Parameter Estimation for the Ornstein–Uhlenbeck Process from Extreme Values

    The objective of the work is to derive a maximum likelihood estimator for the parameters of an Ornstein-Uhlenbeck (OU) process based on the extreme values of the process. The OU process is a stochastic process extensively used to model physical and financial phenomena. For a Brownian motion the so-called OHLC estimators are commonly used, which employ not only the opening and closing values of the process, but also its maximum (high) and minimum (low). However, for the OU process, no such analogue has been proposed. In this work, we benefit from the recently found joint law of an OU process and its supremum, and propose a maximum likelihood estimator based on the observed opening, closing, and maixmum values of the process.

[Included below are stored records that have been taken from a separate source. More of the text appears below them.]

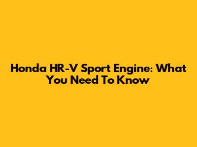 Honda HR-V Sport Engine: What You Need To Know
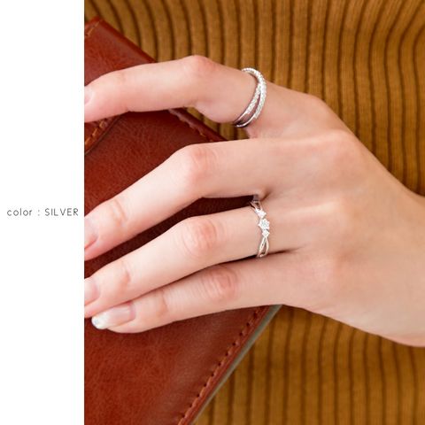正統派大人可愛いノーブルなデザインの、3粒ビジュー煌めくクラシカルリングは、さりげない主役としての ワンポイント使いも、
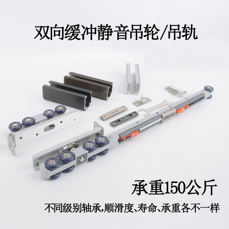 Trek pintu geser dapur, rel gantung aluminium Aloi, jalur rel pintu geser dua arah, penyerap guncangan, roda gantung gantung
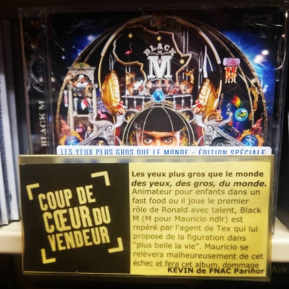 Kévin travaille au rayon disques et DVD du magasin et s’amuse beaucoup avec les étiquettes « coup de cœur du vendeur ». Il réalise des critiques musicales amusantes sur les artistes. Ansi on apprend que le dernier album de Chantal Goya a été au Texas dans le couloir de la mort, que Black M était animateur pour enfants dans un fast-food et que Maitre Gims est le Dany Brillant du rap français.

    In this work, we derive the joint probability density of the OU process and its supremum, which - to our best knowledge - has not yet been reported in the literature. We then use this density to construct the OHC estimator of parameters: mean μ, reversion rate k and volatility σ, based on the observed opening, closing, and maixmum values of the process. We also derive the analogous estimator for an OU process stopped at a random time. We validate our estimators by applying it simulated trajectories with known parameters. We compare these estimators with the maximum likelihood estimator based only on the opening and closing values and find that the new estimator performs noticeably better. Finally, we apply our estimators to empirical data.